Figure 4. Focal adhesion formation on ∼350 MPa spots of varying diameter

(A) 1 μm spots of ∼350 MPa (formed with doses of 3,000 μC/cm²) induced differential focal adhesion co-localization in hMSCs as a function of spot diameter. This effect was lost on 100 nm spots, high magnification insert of paxillin staining within the boarded area indicated in (a,b). (B) Mander's coefficient of co-localization indicated a linear increase in FA co-localization to the e-beam exposed regions with increasing spot diameter. (D) Cellular spreading was not significantly different in MSCs cultured on spots of modulated rigidity as a function of spot diameter relative to unexposed PDMS, yet significant reductions in cell spreading were noted relative to hMSCs cultured on glass control substrates. (E) Significant reductions in mean FA area were also induced by reducing the spot diameter. For statistical analysis of significance see Supplementary Table 2 and Supplementary Table 3. Results are SEM, green = actin, blue = paxillin, red = nucleus, bar = 10 μm.
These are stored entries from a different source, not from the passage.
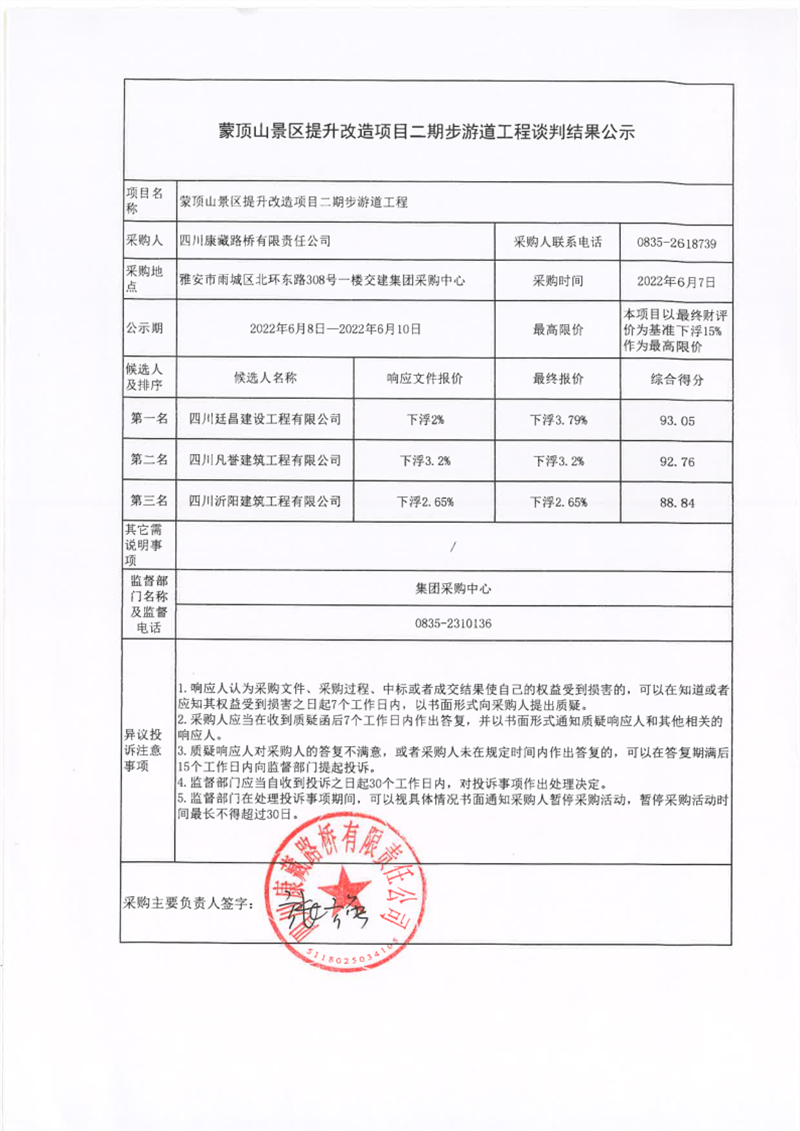 四川康藏路橋有限責任公司蒙頂山景區(qū)提升改造項目二期步游道工程談判結果公示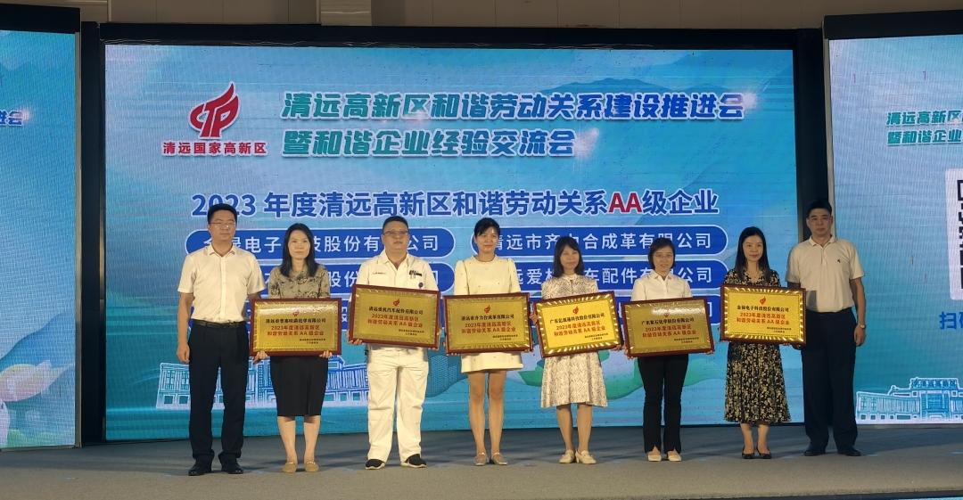 会议介绍了和谐劳动关系创建工作情况,为荣获2023年度清远高新区和谐劳动关系AAA、AA、A级企业授牌,活动现场,劳动关系和谐企业代表还分享创建心得,企业员工现场讲述和谐故事。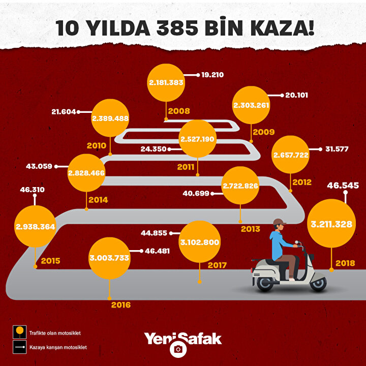 TÜİK tarafından açıklanan verilere göre motosikletli kazaların oranı 2008'e göre son 10 yıl içinde yüzde 130'u artarken 2018 yılında yapılan kaza sayısı ise 50 bine yaklaşmış durumda. Sürücü tarafında en fazla ölüm oranı da otomobilden sonra motosiklette gerçekleşiyor.

Figure 5. Functional analysis of hMSCs cultured on PDMS substrates patterned with 2 μm spots of increasing rigidity for 12 hours

(A) Functional pathway analysis of hMSCs cultured on e-beam patterned 2 μm spot substrates with different rigidities revealed significant activation of signaling pathways as a function of spot dose relative to cells cultured on non-exposed homogenous rigidity substrates in (A) chondrogenic and (B) Osteogenic media. Red indicates an increase in pathway activation and green indicates a decrease in pathway activation relative to controls as shown in the Activation Score bar. Statistical significance of pathway modulation was calculated via a right-tailed Fisher's exact test.

Figure 6. Functional analysis of hMSCs cultured on PDMS substrates patterned with ∼350 MPa spots of increasing spot diameter for 12 hours

Functional pathway analysis of hMSCs cultured on e-beam patterned spots with diameters ranging from 500-2000 nm revealed significant activation of signaling pathways as a function of spot size relative to cells cultured on control homogeneous rigidity substrates in (A) chondrogenic and (B) Osteogenic media. Red indicates a increase in pathway activation and green indicates a decrease in pathway activation relative to controls as shown in the Activation Score bar. Statistical significance of pathway modulation was calculated via a right-tailed Fisher's exact test.